- Theatrical release poster
- Directed by: Khalid Akhtar
- Produced by: I.A.Nadiadwala
- Starring: Jeetendra Asha Parekh
- Music by: N. Datta
- Production company: Pushpa Pictures
- Release date: 11 December 1970;
- Country: India
- Language: Hindi

= Naya Raasta =

Naya Raasta ( New Path) is a 1970 Hindi-language drama film, produced by I.A.Nadiadwala on Pushpa Pictures banner and directed by Khalid Akhtar.
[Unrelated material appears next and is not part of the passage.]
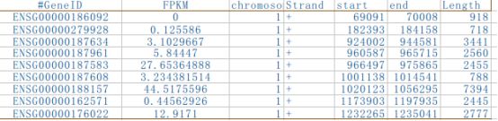 如果表達量文件包含新預(yù)測的基因,還需要補充新基因(已知基因可選填)的Chromosome(染色體號)、Strand(正負鏈信息)、start(起始位置)、end(終止位置)、length(長度)。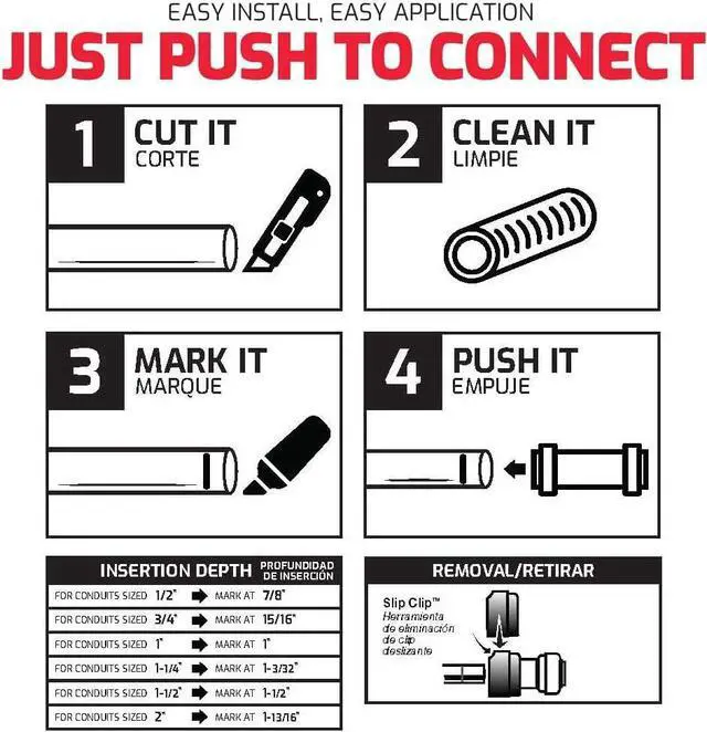 EASY and FAST INSTALLATION; Simply Simply CUT and CLEAN the end of the conduit, MARK the insertion depth and PUSH on the fitting into place; No glue, solvents or tools needed

The film stars Jeetendra, Asha Parekh, and music composed by N. Datta.

==Plot==
Chander is a successful criminal lawyer. After his father's death, he shifts to their village, where he practices innovative ideas and facilitates the lifestyles of the needy. He loves a girl, Shallo; the village panchayat opposes it as she is an underdog. Chander is firm, but his mother, Rukmini Devi, pleads and persuades Shallo immediately to knit with a guy, and she does so. Here, Chander is stunned and heartbroken but works without new zeal and energy on swift recovery. Besides, owing to Shallo's misfortune, her past follows, and she is subjected to severe punishments by her in-laws.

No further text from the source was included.